As she works to set up her offices in-district and on the Hill, Bourdeaux said she is simultaneously operating as a surrogate for Jon Ossoff and Raphael Warnock, the Democratic Senate candidates in Georgia who are locked in a heated battle with their Republican opponents ahead of the January 5 runoff that will decide which party controls the upper chamber. 

Bourdeaux, who has lent her field staff to the effort, is hopeful that the Democrats can pull off an upset this cycle. “What we know is that we have voters to win,” she said. “We just have to turn them out to vote.”

Meanwhile, Bourdeaux’s opponent, Rich McCormick — an emergency room physician and military veteran who has also flirted with QAnon — recently filed a statement of candidacy for 2022, when the district could very well be redrawn to favor Republican candidates. 

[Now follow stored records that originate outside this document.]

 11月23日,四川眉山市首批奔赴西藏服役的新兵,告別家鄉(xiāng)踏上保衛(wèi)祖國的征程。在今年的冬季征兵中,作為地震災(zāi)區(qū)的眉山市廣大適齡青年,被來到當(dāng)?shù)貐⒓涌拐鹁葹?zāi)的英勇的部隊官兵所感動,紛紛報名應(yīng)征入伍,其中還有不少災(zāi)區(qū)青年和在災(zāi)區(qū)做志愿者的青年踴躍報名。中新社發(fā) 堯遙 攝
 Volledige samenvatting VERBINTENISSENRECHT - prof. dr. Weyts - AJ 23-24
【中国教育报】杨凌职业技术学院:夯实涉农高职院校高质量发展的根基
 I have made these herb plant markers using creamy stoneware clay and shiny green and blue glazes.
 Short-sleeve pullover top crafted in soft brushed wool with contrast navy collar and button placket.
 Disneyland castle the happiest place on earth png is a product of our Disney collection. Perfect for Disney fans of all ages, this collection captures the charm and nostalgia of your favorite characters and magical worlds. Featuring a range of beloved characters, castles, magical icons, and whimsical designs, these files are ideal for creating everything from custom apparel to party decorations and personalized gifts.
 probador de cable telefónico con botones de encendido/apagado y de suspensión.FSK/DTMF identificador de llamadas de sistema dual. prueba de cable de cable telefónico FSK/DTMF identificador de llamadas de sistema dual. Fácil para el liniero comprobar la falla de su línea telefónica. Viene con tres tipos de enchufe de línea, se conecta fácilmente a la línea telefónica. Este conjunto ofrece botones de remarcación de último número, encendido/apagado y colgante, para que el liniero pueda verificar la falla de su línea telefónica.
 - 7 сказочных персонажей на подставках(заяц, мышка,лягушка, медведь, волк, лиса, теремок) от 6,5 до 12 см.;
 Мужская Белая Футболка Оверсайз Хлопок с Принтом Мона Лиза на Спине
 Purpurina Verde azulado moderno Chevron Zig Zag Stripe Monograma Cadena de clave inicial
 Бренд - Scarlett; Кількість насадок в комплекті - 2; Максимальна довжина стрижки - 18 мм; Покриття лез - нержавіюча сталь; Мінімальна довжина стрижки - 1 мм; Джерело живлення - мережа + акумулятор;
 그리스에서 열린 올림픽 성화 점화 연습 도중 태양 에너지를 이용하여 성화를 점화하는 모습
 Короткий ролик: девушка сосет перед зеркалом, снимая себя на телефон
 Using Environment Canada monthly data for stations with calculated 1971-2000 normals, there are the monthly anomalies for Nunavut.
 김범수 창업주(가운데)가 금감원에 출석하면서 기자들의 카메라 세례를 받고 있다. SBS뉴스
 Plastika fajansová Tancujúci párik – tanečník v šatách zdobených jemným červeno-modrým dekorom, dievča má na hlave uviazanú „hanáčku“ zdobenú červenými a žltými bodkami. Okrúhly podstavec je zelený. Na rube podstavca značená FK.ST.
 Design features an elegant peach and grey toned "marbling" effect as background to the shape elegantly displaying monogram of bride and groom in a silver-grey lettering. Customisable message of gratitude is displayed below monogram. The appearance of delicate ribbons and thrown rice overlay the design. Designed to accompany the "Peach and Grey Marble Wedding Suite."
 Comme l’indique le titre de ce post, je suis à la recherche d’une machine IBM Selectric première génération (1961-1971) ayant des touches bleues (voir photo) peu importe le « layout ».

Bourdeaux, in conversation with JI, was unaware that McCormick had filed to run again. Her campaign manager, Shelbi Dantic, said the filing may simply indicate that he is “trying to retire campaign debt” and that it is unclear if he is running again. A spokesperson for McCormick did not respond to requests for comment.

Still, Charles S. Bullock III, a professor of political science at the University of Georgia’s School of Public and International Affairs, predicts that Republicans, who will control redistricting in the state, could alter the 7th district’s map for the next cycle by jettisoning portions of the blue-leaning Gwinnett County population and pulling in Republicans from Forsyth and Hall Counties. 

That makeup, he postulated, could freeze Bourdeaux out of another term. “I think Bourdeaux is the one who is endangered,” he said of Georgia’s upcoming redistricting.

Despite the possible threat, Bourdeaux was intent on staying focused on the present as she prepares to be sworn into public office. “I can only say we will cross that bridge when we get there,” she said.